Dispersal and mating system, defined as suites of physiological, morphological and behavioural traits involved in individual movements leading to spatial gene flow (dispersal), and in obtaining and choosing mates (mating system), are fundamental in determining species’ ecology and evolution. As main drivers of gene flow in space and time, they determine a species’ evolutionary potential by influencing maintenance of genetic variation and individuals’ fitness variation. Dispersal and mating system are tightly interconnected, influencing each other’s evolution, such that a variety of dispersal-mating system syndromes is observed (e.g. correlations between sex-biased dispersal and mating system, or between seed dispersal and self-fertilization). However, the study of dispersal and mating system has largely proceeded separately, leaving a critical knowledge gap regarding how dispersal and mating system jointly evolve and the consequences this might have for how populations, species and communities can respond to environmental change.

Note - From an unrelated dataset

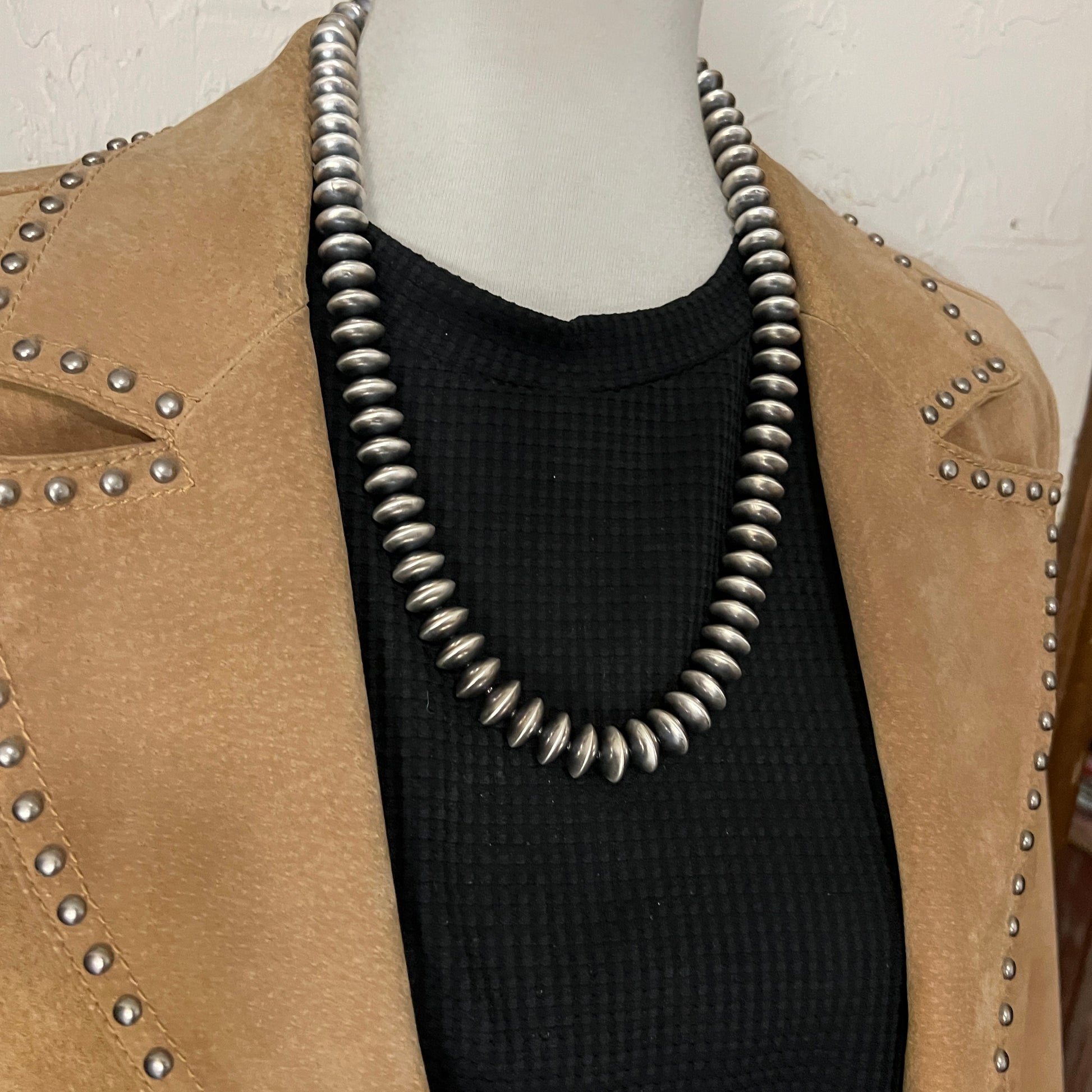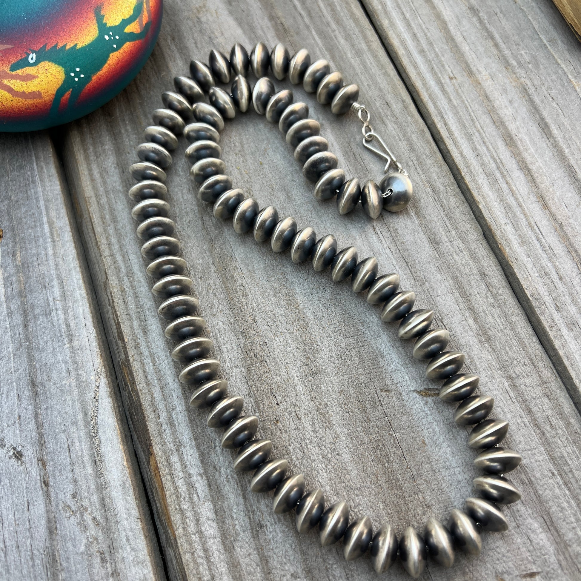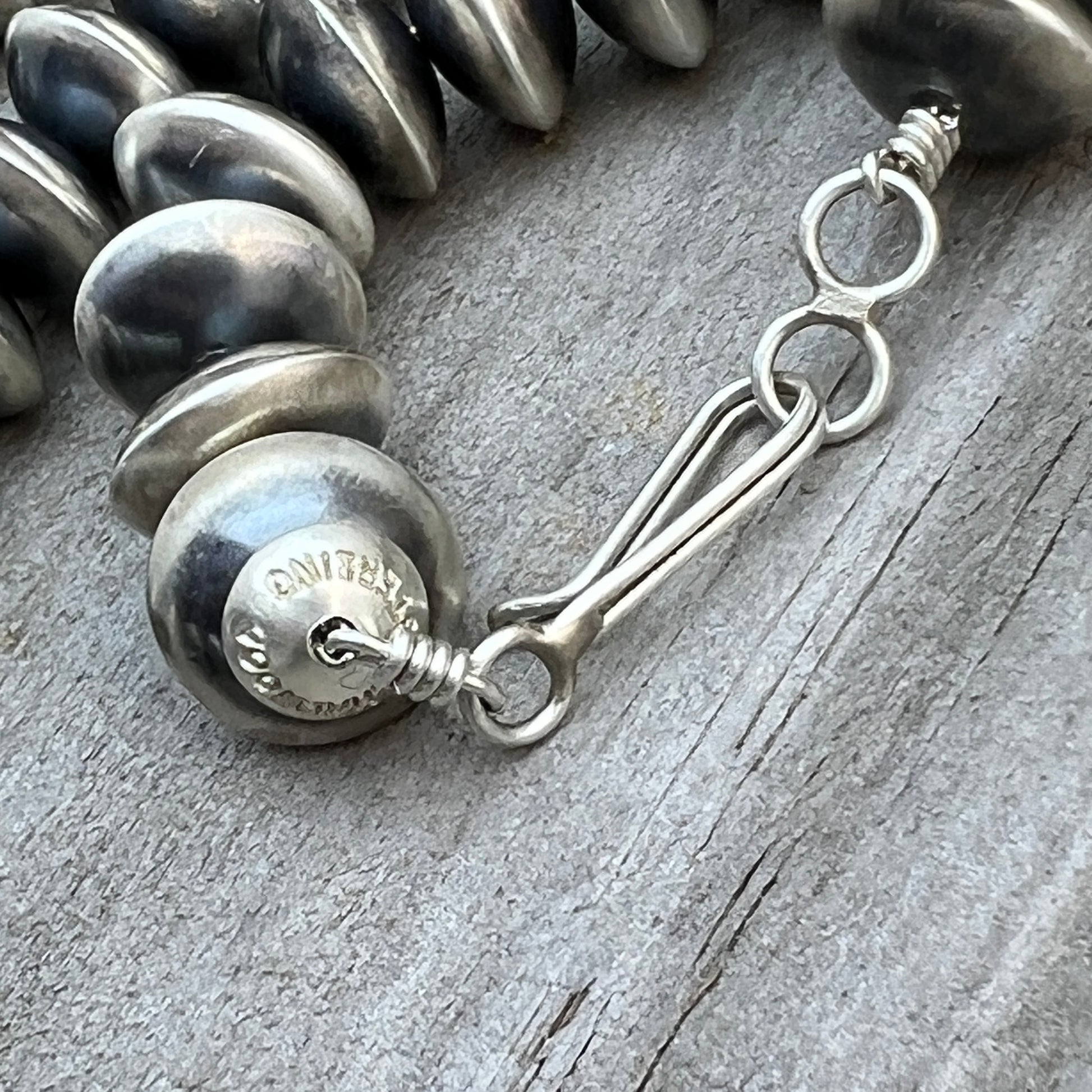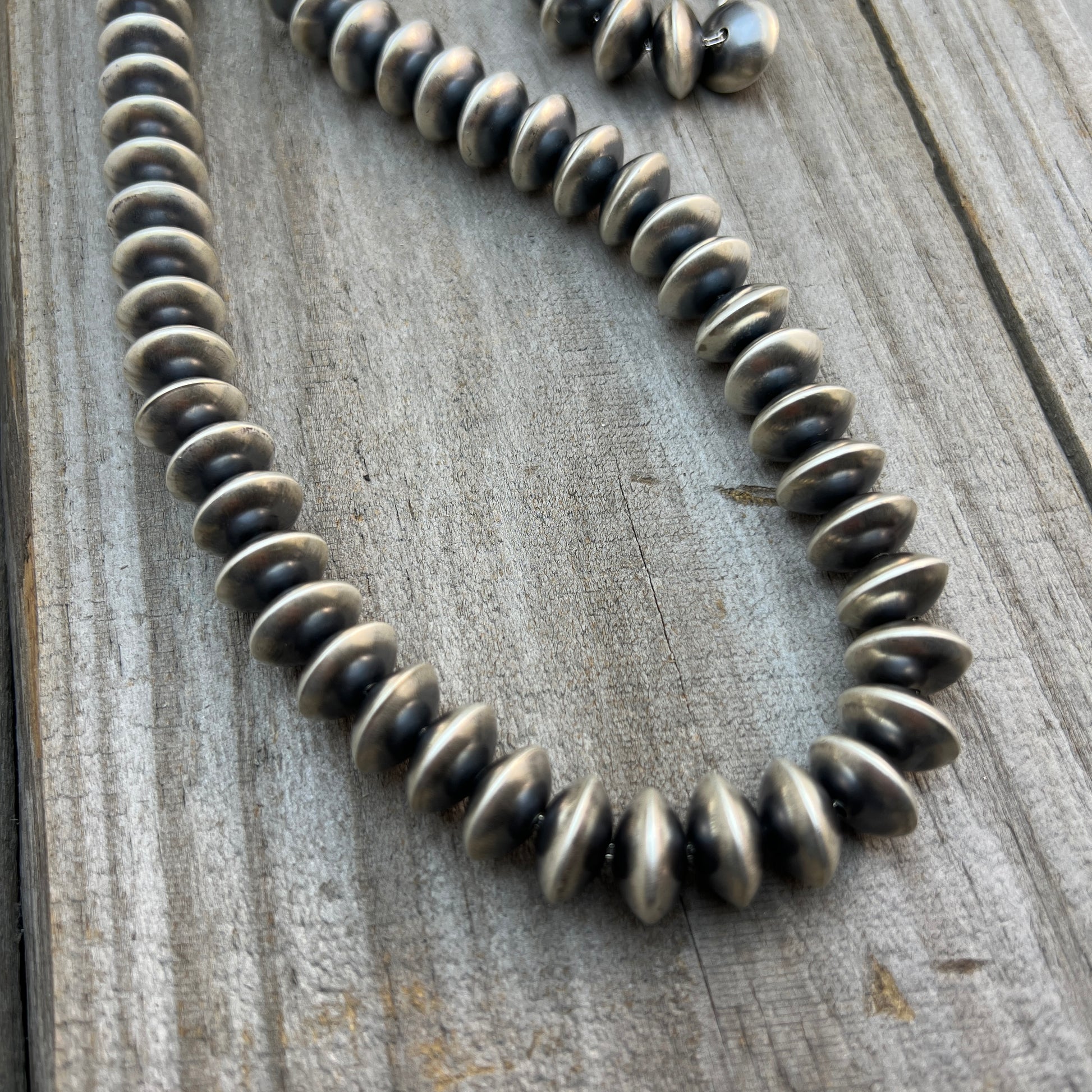 24" Navajo Handmade Sterling Silver Pearl Saucer Bead Necklace Bryannen Halwood Signed

While several hypotheses exist, especially for plants, we lack theory explaining the variation of dispersal-mating system syndromes existing in nature.
Inbreeding (mating with self or relatives) is central in linking dispersal and mating system. Both strategies determine the opportunity for inbreeding by shaping populations’ relatedness structures. Conversely, the balance between inbreeding depression and inclusive fitness benefits determines evolution of inbreeding strategies (avoidance, tolerance or preference) such as self-fertilization, mate choice, female multiple mating and sex-biased dispersal, and influence evolution of sociality. Especially for species’ with biparental reproduction, inbreeding has been mostly studied separately for mating system and dispersal, leaving unaddressed fundamental questions about its role in dispersal and mating system evolution. Additionally, we do not know what spatial patterns of dispersal-mating system co-variation are to be expected; how environmental changes impact on their joint evolution; and what this means for populations’ viabilities and responses to changes. We lack theory on how inbreeding risk and depression vary in space and are affected by spatial processes such as habitat loss/fragmentation or range expansion/shifting, and therefore affect patterns of dispersal-mating system co-variation. For example, increased selection for inbreeding avoidance (through dispersal and/or mating system) might be expected at range margins, as inbreeding risk increases in small populations. However, mate scarcity might increase selection for inbreeding tolerance, contrary to the current paradigm associating dispersal with inbreeding avoidance, with consequent purging/fixation of deleterious mutations, and consequences for species’ ability to range expand/shift.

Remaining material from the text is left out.